Squaring the circle: my two year diaversary

On this day two years ago, I was admitted to the hospital where I  spend the first night of my diabetes journey, alone, scared and sick, hooked up to a variety of drips, including my new life-saving drug, insulin. It was the second most horrible night of my life.

Tonight, two years on, I will settle down in my own bed, my husband beside me, warm, cosy, and hooked up to my new insulin pump, which has been attached to me (apart from showering) 24 hours a day, seven days a week, for just over 5 weeks now.

From one drip to another; it’s like full circle.

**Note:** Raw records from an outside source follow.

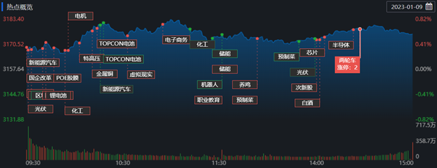 1月9日,A股三大指數(shù)高開震蕩,滬指連續(xù)6個交易日上漲,5日均線已上穿有牛熊分水嶺之稱的120日均線,技術(shù)面更趨強勢。截至收盤,上證指數(shù)漲0.58%報3176.08點;深證成指漲0.73%報11450.15點,創(chuàng)業(yè)板指漲0.75%報2440.374點,A股合計成交額8071.65億元,較前一交易日縮減3.69%,北向資金凈買入77.00億元??傮w上看,A股個股漲少跌多,有2969只上漲,1786只下跌。
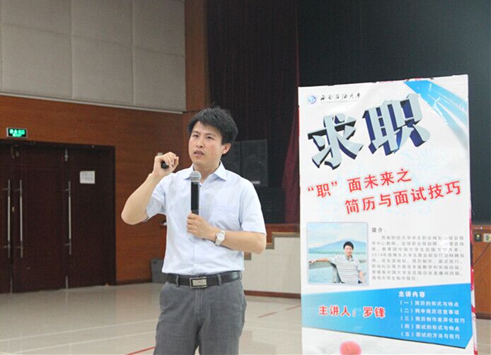 羅鋒老師分別從簡歷的形式與特點、網申簡歷注意事項、簡歷制作差異化技巧、面試的形式與特點、面試的方法與技巧等五個方面分別進行了生動細致的講解。“你們最理想的職業是什么?”,羅鋒老師不時地向大家拋出問題。在案例分析中,他通過一個個小故事,給在場師生留下了深刻印象,也對學生進行自我認知、簡歷制作、面試、職業認識等提供了指導,現場學生收獲頗豐。
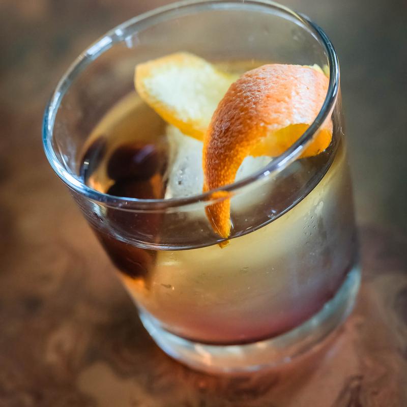 Woodford bourbon, bitters, Luxardo cherry, orange peel.
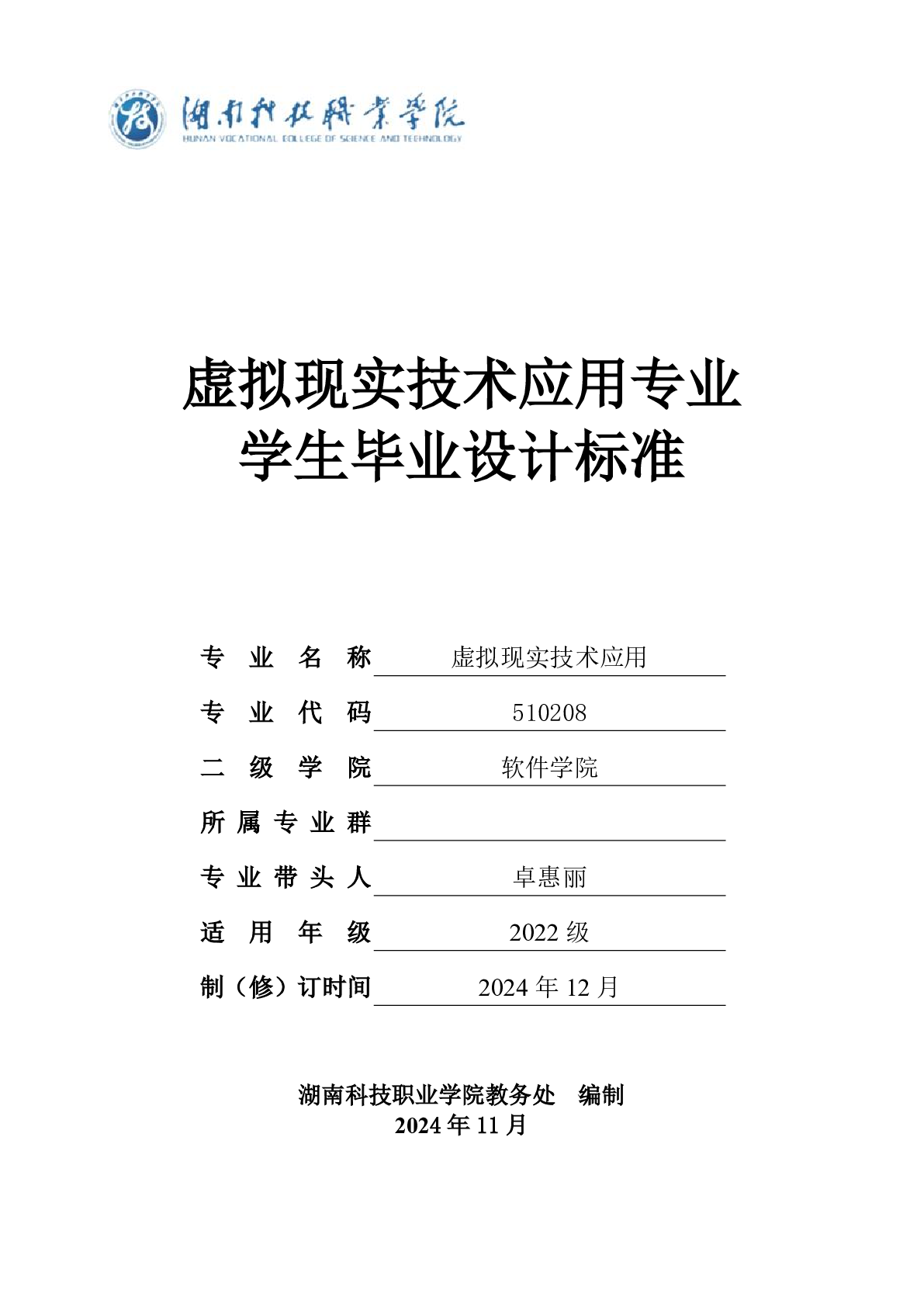 软件学院虚拟现实技术应用专业2025届毕业设计标准
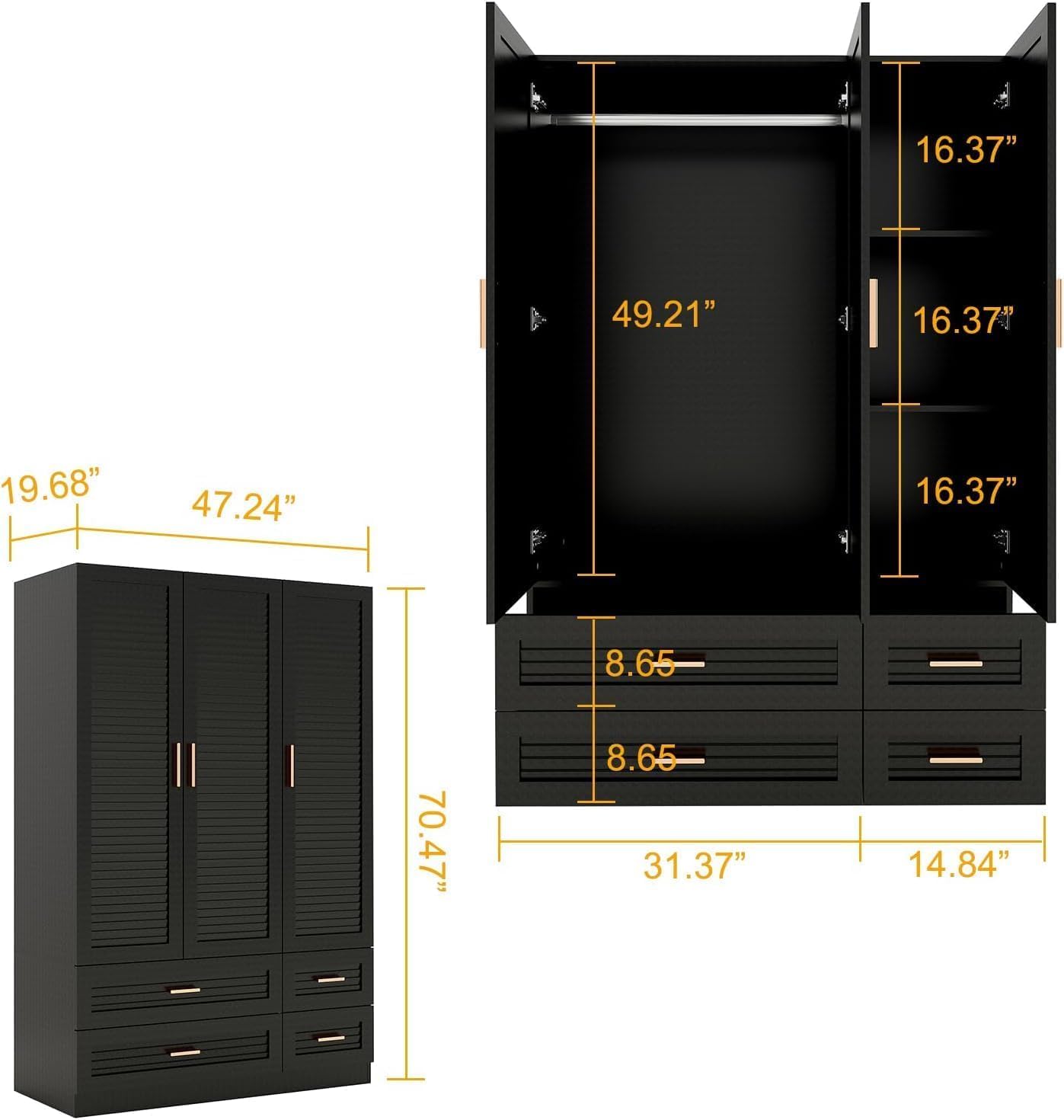 Keloyid Wood Armoire Wardrobe Closet Armoires Wardrobe Cabinet with 3 Door 4 Drawers Tall Wardrobe Closet Storage with Shelves and Hanging Rod for Bedroom Black 47.24''W x 19.69''D x 70.87''H
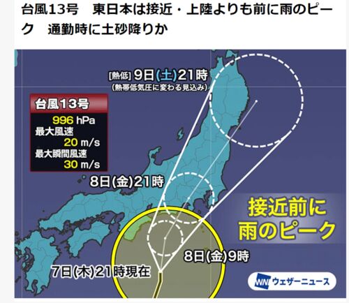 本当は、本日、朝早く出発して、青春18切符で東京へ向かうはずだったのですが・・・ 当初、金曜日には、もう過ぎ去っているし、もしかしたら、東寄りになっているかも知れない。と思っていたのが、 なかなか進んで行かず、進路も、東に寄らず、こんな感じ。 …
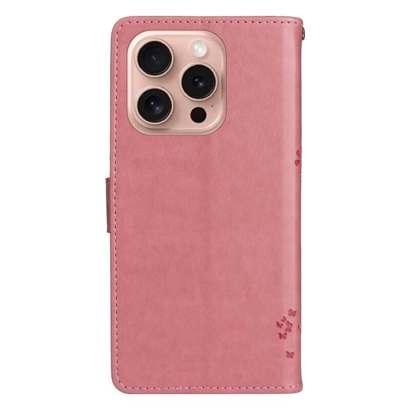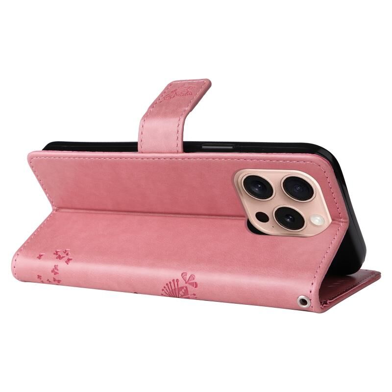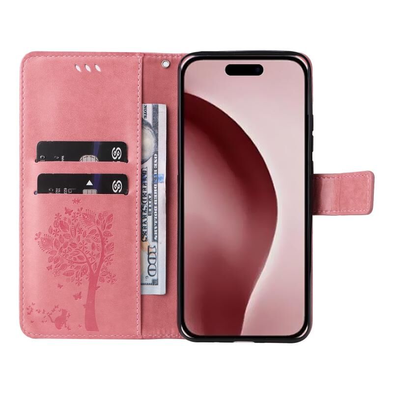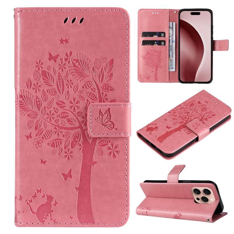 For iPhone 16 Pro Tree & Cat Embossed Pattern Flip Leather Phone Case(Pink)
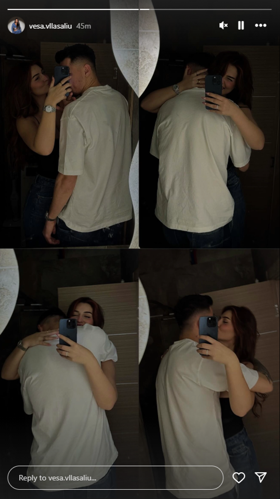 Në njërën prej fotove, ajo shfaqet duke e puthur të dashurin, ndonëse ka zgjedhur të mos e zbulojë plotësisht portretin e tij, duke ruajtur disi privatësinë e lidhjes.

But that circle has never really been squared. I’ve struggled these past two years with the physical and mental effects of my Type One diabetes diagnosis.

However, rather than dwell on the diagnosis and its hard path, I wanted my ‘annibetes’ to be positive. Marking your ‘diaversary’ isn’t a celebration of having diabetes but instead a celebration of being alive, of having not killed yourself with one of your many daily decisions, and of living in the face of and in spite of a relentless condition.

So to square my circle – here are my corners. Just a few of the things that have kept me sane or I’ve learned in the past two years since I lay in that bed, aged 38 years old, scared and sick.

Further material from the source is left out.